NAVIGATING THE AGILE APPROACH TO MEDICAL PRODUCT DEVELOPMENT

Engineers love to build things! Sunrise is working to keep it that way.

Traditionally, development of medical products was done using a “waterfall” development process where each phase of a project builds on the previous phase to deliver exactly what was defined in requirements up front. Agile offers a more flexible approach that maintains the needed medical rigor, maximizes learning, and allows requirements to evolve to a more optimum solution.
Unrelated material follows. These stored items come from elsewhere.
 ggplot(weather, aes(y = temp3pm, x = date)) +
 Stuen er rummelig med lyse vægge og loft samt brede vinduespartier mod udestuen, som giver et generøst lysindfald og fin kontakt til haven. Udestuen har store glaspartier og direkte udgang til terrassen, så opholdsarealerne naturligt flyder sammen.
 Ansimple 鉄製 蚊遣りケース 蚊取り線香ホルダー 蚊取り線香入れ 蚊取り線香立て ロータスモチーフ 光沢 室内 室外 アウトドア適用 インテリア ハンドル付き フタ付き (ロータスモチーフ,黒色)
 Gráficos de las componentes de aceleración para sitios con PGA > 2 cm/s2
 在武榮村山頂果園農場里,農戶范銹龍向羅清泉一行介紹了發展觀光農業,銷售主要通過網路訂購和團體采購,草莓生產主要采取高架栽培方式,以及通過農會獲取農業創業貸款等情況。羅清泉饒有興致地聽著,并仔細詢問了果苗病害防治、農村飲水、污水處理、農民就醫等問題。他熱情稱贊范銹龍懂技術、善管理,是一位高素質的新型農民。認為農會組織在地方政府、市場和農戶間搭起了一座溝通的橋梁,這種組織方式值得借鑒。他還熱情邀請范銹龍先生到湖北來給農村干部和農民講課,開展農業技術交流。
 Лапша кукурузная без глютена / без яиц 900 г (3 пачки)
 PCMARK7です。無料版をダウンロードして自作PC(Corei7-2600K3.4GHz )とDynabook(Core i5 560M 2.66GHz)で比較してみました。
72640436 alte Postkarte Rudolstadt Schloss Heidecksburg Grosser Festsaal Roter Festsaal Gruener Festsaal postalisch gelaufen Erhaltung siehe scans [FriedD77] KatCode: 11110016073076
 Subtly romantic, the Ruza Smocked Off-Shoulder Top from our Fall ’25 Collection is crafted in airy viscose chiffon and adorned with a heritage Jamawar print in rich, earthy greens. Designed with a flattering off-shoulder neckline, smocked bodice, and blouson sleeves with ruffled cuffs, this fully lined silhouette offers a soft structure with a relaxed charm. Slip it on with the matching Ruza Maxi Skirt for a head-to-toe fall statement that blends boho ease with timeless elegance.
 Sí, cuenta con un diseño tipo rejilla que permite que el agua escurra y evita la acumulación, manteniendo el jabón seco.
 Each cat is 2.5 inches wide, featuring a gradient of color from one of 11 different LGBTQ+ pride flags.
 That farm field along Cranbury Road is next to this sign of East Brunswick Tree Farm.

As identified in AAMI TIR45:2012, the Agile approach to Medical Product development is intended to improve development in 5 basic areas:

  • Quality
  • Productivity
  • Predictability
  • Product effectiveness
  • Safety

Quality is measured during development rather than waiting until the project is complete. The Agile methodology builds the concept of “done” into the process by requiring testing as you go. This in turn, improves on productivity as the engineers who work on the project understand before approaching a task what it means to be “done.” The engineers, on a regular basis, and regardless of the stage of development, demonstrate an operational product to the “owner”.

These frequent demonstrations improve product effectiveness as the “owner” is able to see, touch, and feel the product during the entire process. This also helps to predict when and where the project is with relation to schedule and cost.

Questions concerning product safety, clinician-backed confidence, and consumer opinion are a few of many inquiries that can direct the course of a medical product’s development. Setting strict feature sets without the ability to adjust; strict schedules without the ability to adjust; and rigid budgets without the ability to adjust can be detrimental to the end goal. As a result, Agile product development has become an increasingly popular approach to developing medical products.

The Agile methodology enhances an engineer’s fundamental thought process by:

  • Decomposing large problems into manageable tasks called stories
  • Defining “Done” for each story
  • Providing better visibility for team members, management, and the client about the progress of projects
  • Consistently building products using the same process throughout the company and with all disciplines

Agile product development is customer focused. The process encourages stakeholder and developer collaboration, and bases success on the safety and efficacy efficiency of the final product. A few ways to approach this type of project management style in the development of medical devices are:

Safety and Risk

With the needs of the end user clearly identified, the solution must be designed to solve the problem at hand without undue risk and safety exposure. Risk management activities are part of the development process, and integrating risk management into product development is critical to ensure safety and efficacy. Risk mitigations are converted into requirements, and ultimately into Agile stories and managed like any other feature. These safety requirements are decomposed into manageable tasks and put into stories.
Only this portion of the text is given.